Proof of Concept Study to Assess the Efficacy, Safety and Pharmacokinetics of LFG316 in Patients With Paroxysmal Nocturnal Hemoglobinuria

Written informed consent obtained before any assessment were performed.

Male and female patients >= 18 years old with a diagnosis of PNH prior to screening. Based on local requirements (applicable in Czech Republic) only patients between the age of 18 to 65 (inclusive) with a diagnosis of PNH prior to screening were eligible for inclusion in this study.

A documented PNH clone size of >= 10% by RBCs and/or granulocytes, measured by GPI deficiency on flow cytometry.

Serum LDH levels at least 1.5-fold above the ULN at screening.

Patients receiving treatment with corticosteroids and/or other immunosuppressive regimens could continue treatment throughout the study, if indicated for treatment of autoimmune disease (e.g., aplastic anemia). It was strongly recommended, at the investigator's discretion, that patients receive appropriate prophylactic antibiotics (e.g., ciprofloxacin, penicillin, erythromycin) while on treatment with any type of concomitant immunosuppressive agent other than LFG316 (including corticosteroids).

Negative pregnancy test for women of child-bearing potential at screening.

Previous vaccination against Neisseria meningitidis types A, C, Y and W-135 at least 2 weeks prior to first dosing, and vaccination against meningitidis type B if available and acceptable by local regulations, at least 2 weeks prior to first dosing.

Able to communicate well with the investigator, to understand and comply with the requirements of the study.

Patients included in this study after protocol amendment 6 were also to fulfill the following:

To be carriers of the C5 gene minor variants as defined by nucleic acid changes that lead to amino acid exchanges in position p.Arg885.

Additional inclusion criteria for period 4

Patients who participated in period 3 of the current study who wanted to join the long-term extension study with LNP023 (CLNP023C12001B).

Previous vaccination for the prevention of Streptococcus pneumoniae and Haemophilus influenzae at least 2 weeks prior to first dosing with LNP023 if locally available. If LNP023 treatment had to start earlier than 2 weeks post vaccination, prophylactic antibiotic treatment was required.

Known or suspected hereditary complement deficiency.

History of hematopoietic stem cell transplantation.

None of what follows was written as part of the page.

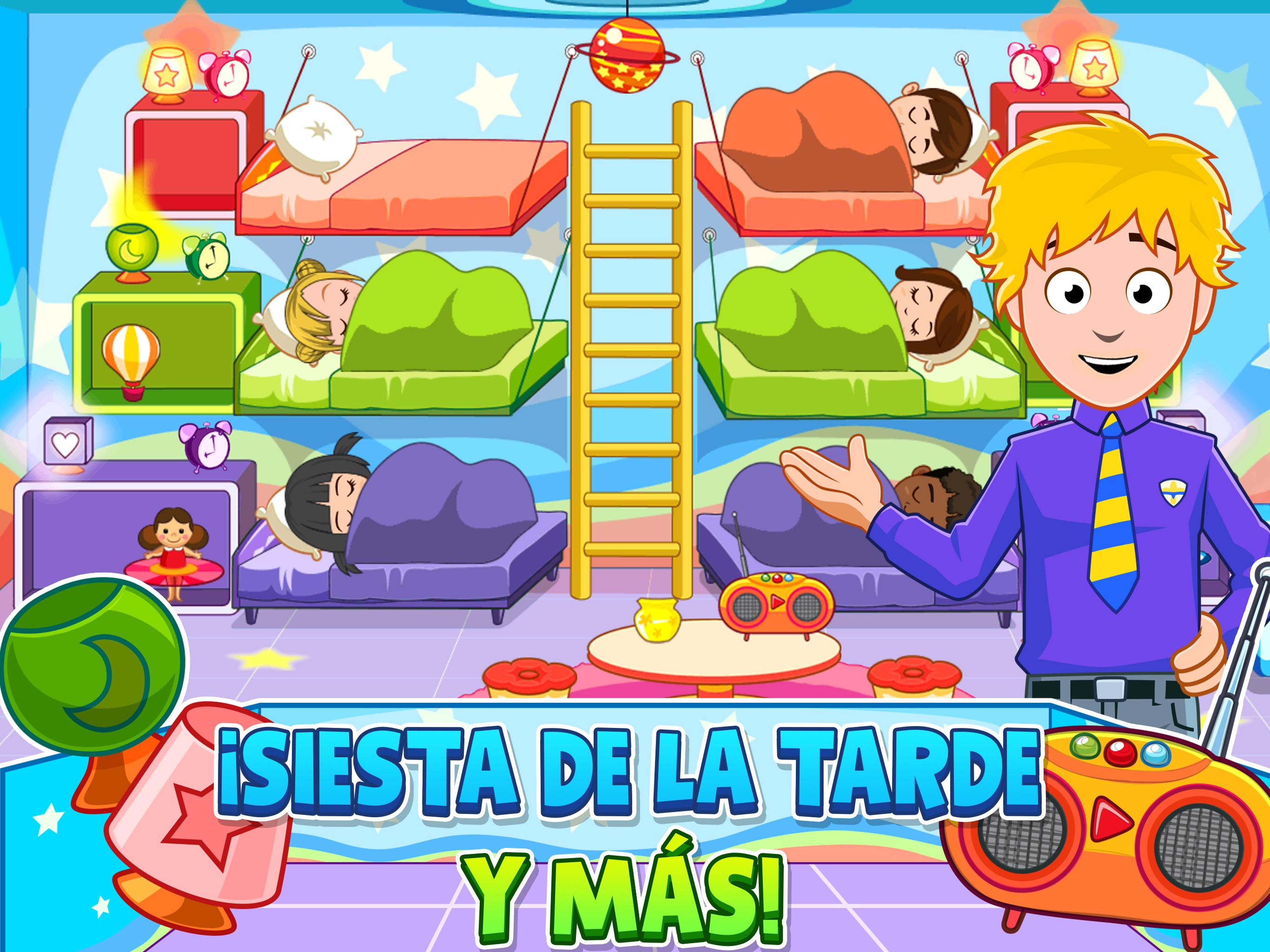 Te damos la bienvenida a Mi Ciudad: Jardín de Infantes. Crea, imagina y juega en tu propio jardín de infantes. ¡Juega y diviértete horas a pura imaginación en el patio de juego, visitando la enfermería de la escuela, aprendiendo, haciendo almuerzos súper sabrosos y mucho más! ¿DE QUÉ SE TRATAN LOS JUEGOS DE MI CIUDAD? Nuestros juegos motivan la imaginación y el entretenimiento. Al crear un entorno libre de estrés, sin límites, reglas ni objetivos, los niños pueden crear una infinita cantidad de historias y aventuras. Mi Ciudad es la mejor casa de muñecas digital basada en lugares del día a día que nuestros niños encuentran en el mundo real. LO NUEVO Sabemos lo mucho que te gustó la nueva función de emociones que introdujimos y las agregamos para todos los personajes de Mi ciudad: Jardín de Infantes. ¡Así que ahora los niños pueden llorar en la enfermería de la escuela, reír en el patio o asombrarse viendo los nuevos trajes y juguetes! ** ¡Queríamos agradecerles a todos nuestros fans, a los 3,5 millones! ** JUEGA, IMAGINA Y DESCUBRE El nuevo jardín de infantes ahora está abierto y listo para explorar y descubrir. Busca actividades y accesorios para completar tu aventura. Viste a tus hijos, llévalos al baño, véndalos cuando se lastimen o simplemente diviértete en el almuerzo. Todo es posible. CARACTERÍSTICAS -8 lugares de entretenimiento: sala de enseñanza, baño, enfermería, patio, cafetería y sala de siesta -Se agregaron emociones nuevas para todos los personajes; ahora puedes hacer reír, llorar, sonreír, enloquecer, asombrar a cualquier personaje -Un montón de personajes, como maestros de preescolar, niños y padres -Sala de enfermería escolar donde puedes examinar a los niños, vendarlos y hasta hacerles un control de la vista en caso de que necesiten anteojos. -Ropa de estación para todos los niños y un montón de trajes para disfrazarse GRUPO DE EDAD RECOMENDADO Niños y adultos pueden disfrutar de jugar juntos. El juego fue creado para que los niños de 3 años jueguen con sus padres perfectamente, o que los niños de 12 jueguen solos. El control parental total y la ausencia de compras integradas y anuncios hacen de nuestros juegos un entorno seguro para nuestros hijos. ¡CUÉNTANOS QUÉ TE PARECE! Nos encanta escuchar tus ideas y queremos ayudar donde haga falta. Únete a nosotros o ponte en contacto por Facebook: https://www.facebook.com/mytowngames Twitter: https://twitter.com/mytowngames Sitio web: http://www.My-Town.com
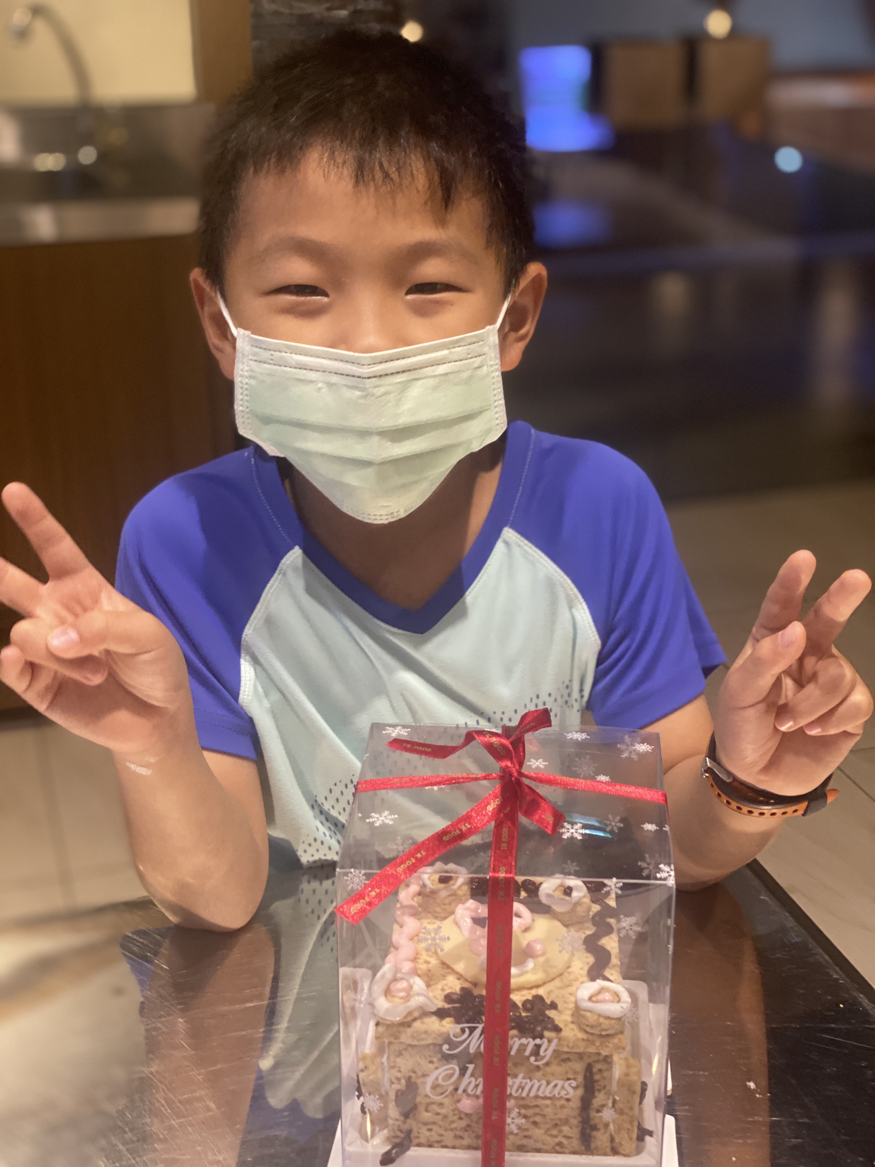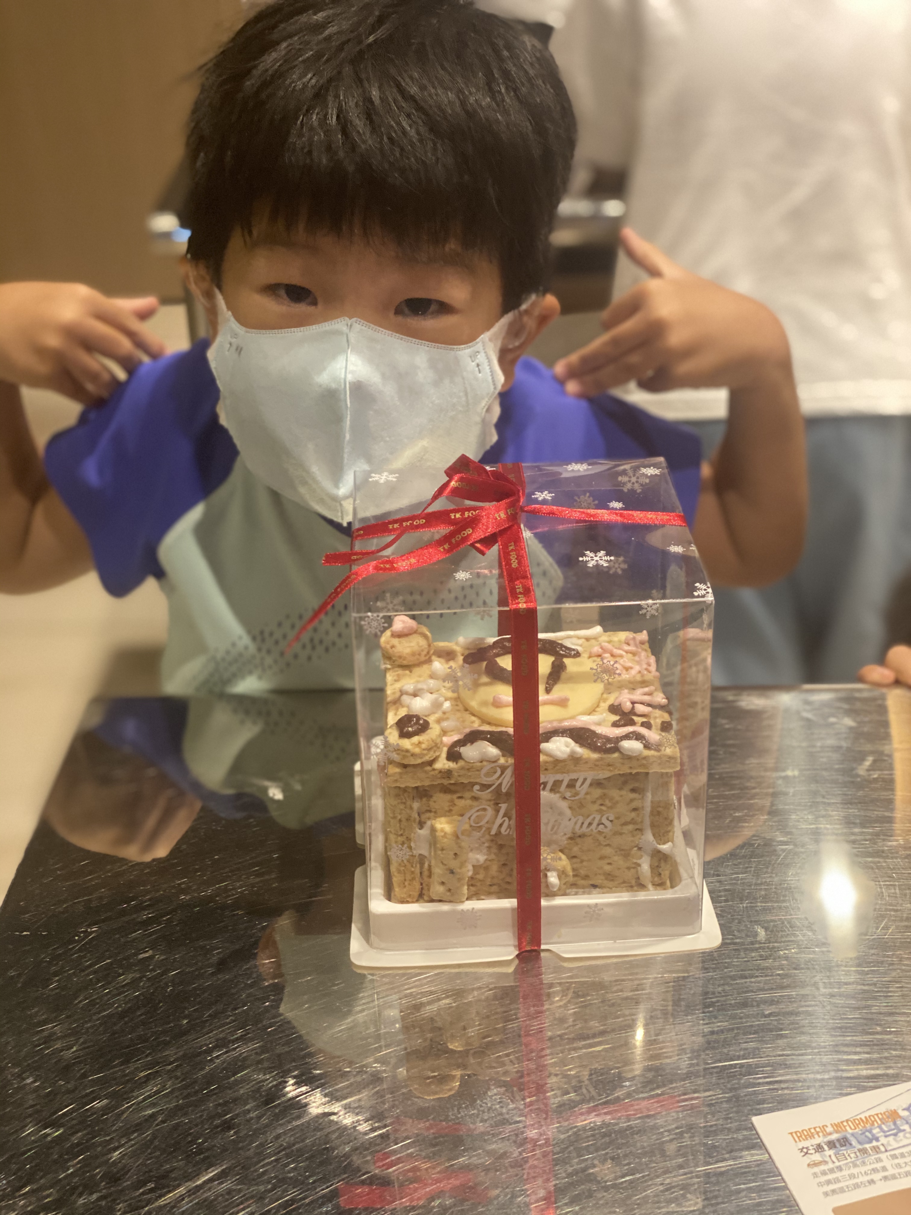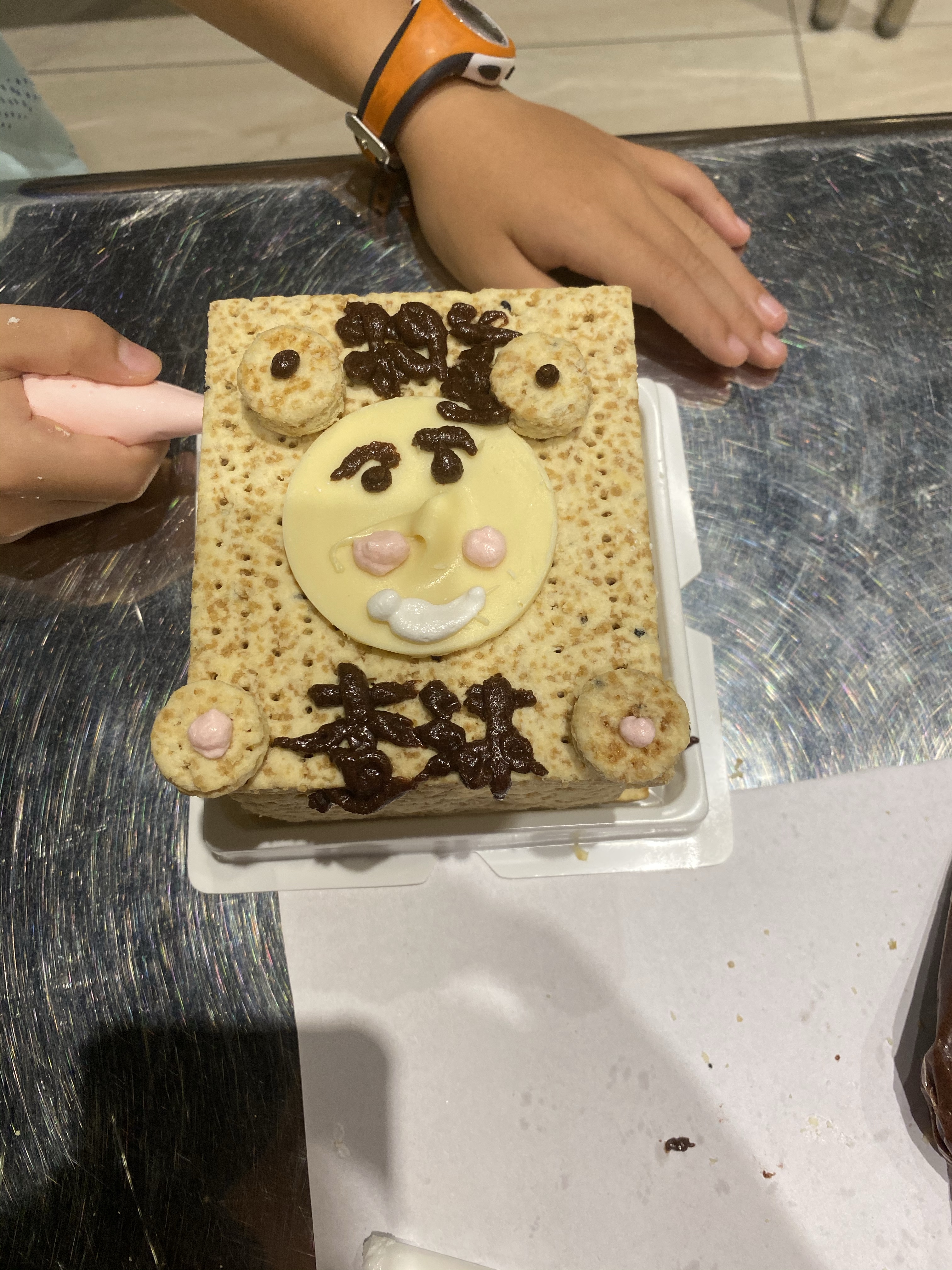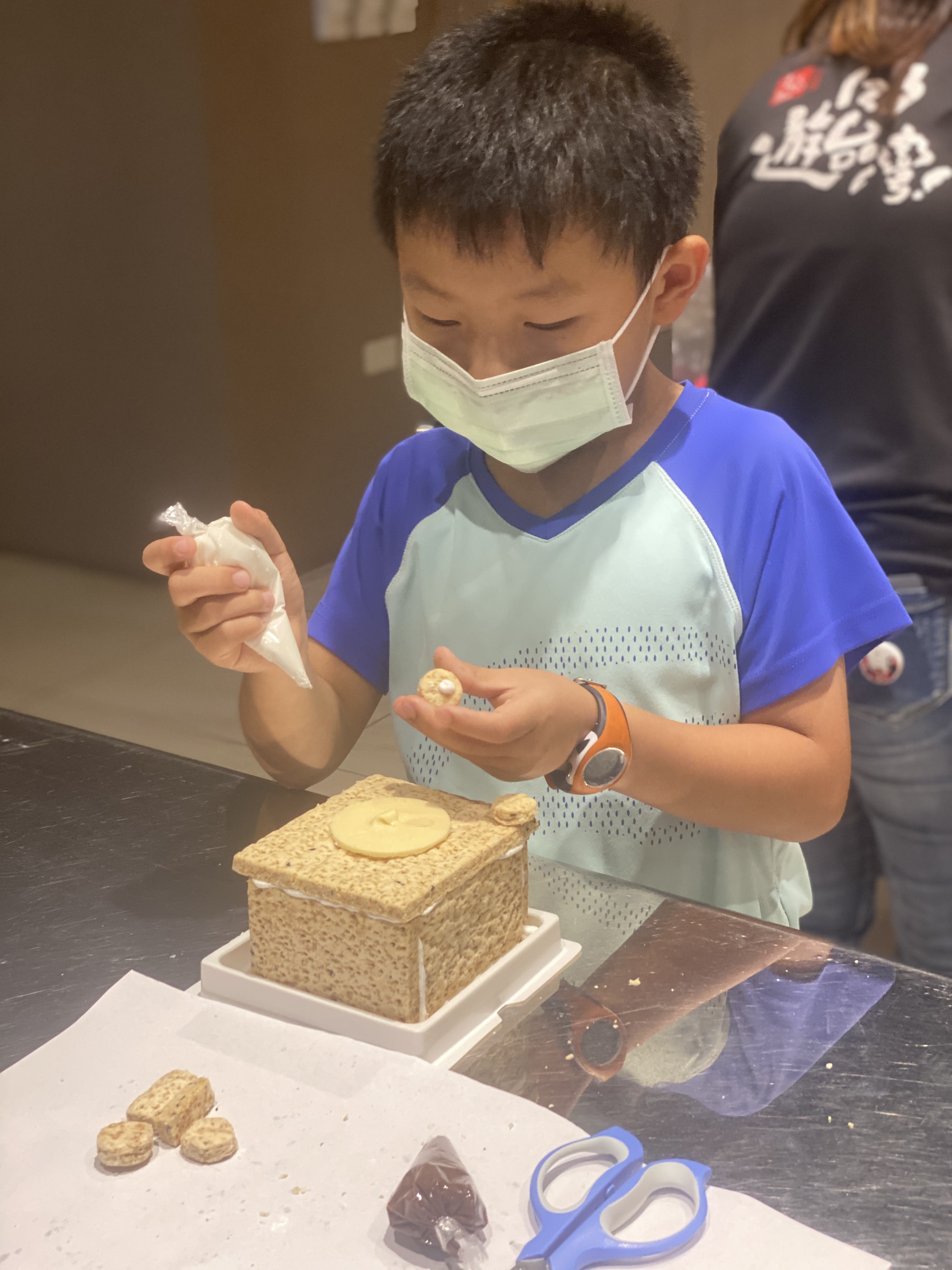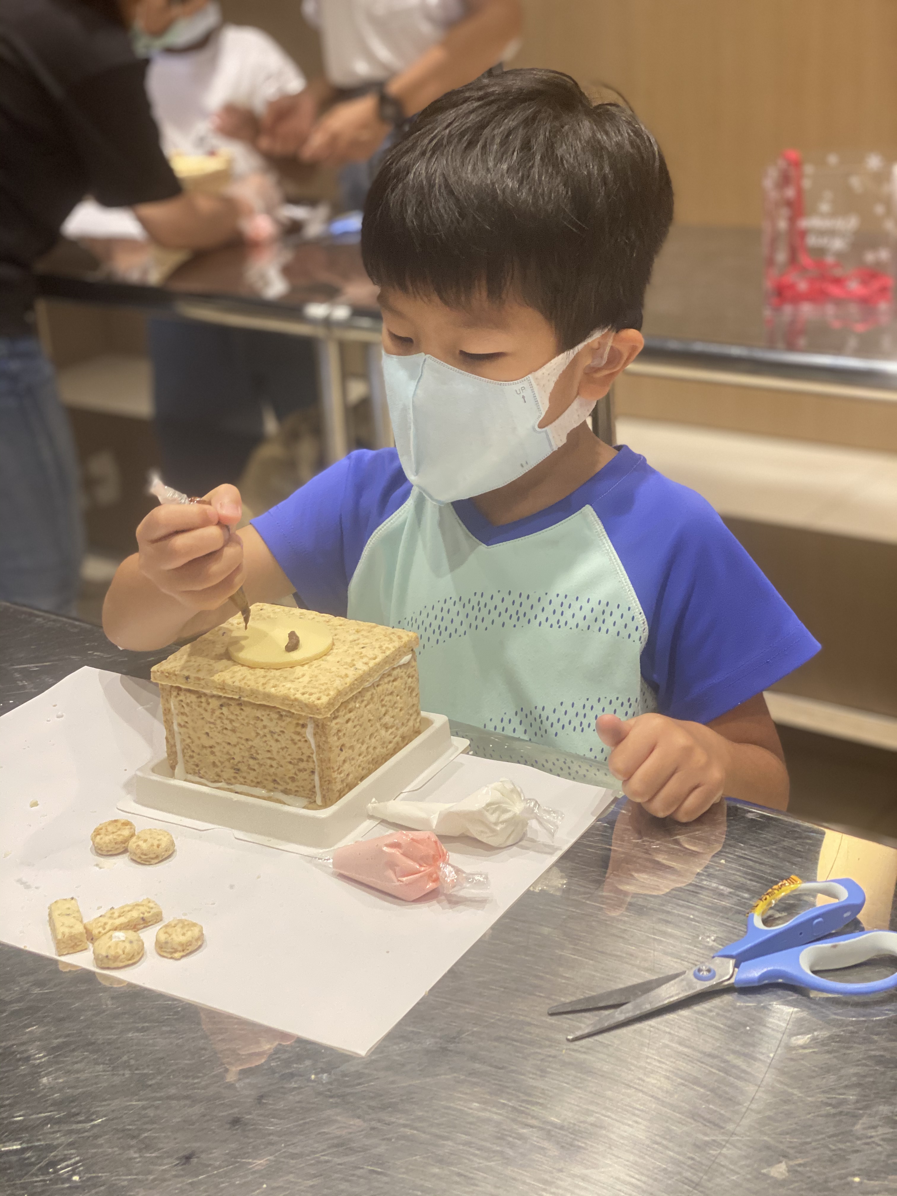 上下的DIY的產品不同,原則上不難,就是方塊酥用不同顏色糖漿黏一黏,然後用糖漿畫不一樣的圖形, 大小沐沐都有不同想法,所以製作的成果有一些不同。(一個DIY方塊酥,在晚上當消夜吃掉了)

Participation in any other investigational drug trial or exposure to other investigational agent, device, or procedure within 30 days or 5-times the half-life prior to screening. Note: clinical trials solely involving over-the-counter vitamins, off label use of drugs within published standard of care guidelines, supplements, or diet did not exclude an otherwise eligible patient.

Female patients who were pregnant, breastfeeding, or intended to conceive during the course of the study.

History of recurrent meningitis, history of meningococcal meningitis despite vaccination.

Presence or suspicion (based on judgment of the investigator) of severe active bacterial infection within 2 weeks prior to first dose of LFG316, or severe recurrent bacterial infections.

A positive HIV test result.

Under active therapy with other agents interfering with the complement system (e.g., eculizumab) Wash-out time was at least 5 half-lives, approximately 8 weeks for eculizumab.

Severe concurrent co-morbidities, e.g., patients with severe kidney disease (dialysis), advanced cardiac disease (NYHA class IV), severe pulmonary arterial hypertension (WHO class IV), unstable thrombotic event not amenable to active treatment as judged by the investigator.

Either one of the following laboratory abnormalities at screening:

• Neutrophils < 0.5 × 10^9/L
• Platelets < 30 × 10^9/L

Co-morbidities that were likely caused by underlying autoimmune diseases other than PNH, e.g., kidney disease in the context of lupus nephritis, ANCA-associated vasculitis.

Any medical condition deemed likely to interfere with the patient's participation in the study, or likely to cause serious adverse events during the study.

History of hypersensitivity to a drug of the same class (human IgG1 monoclonal antibody) or any other excipient of the formulation.

Women of child-bearing potential, defined as all women physiologically capable of becoming pregnant, unless they were using highly effective methods of contraception during dosing and for 50 days after the last dose of LFG316.

Prohibited medication as specified in the study protocol.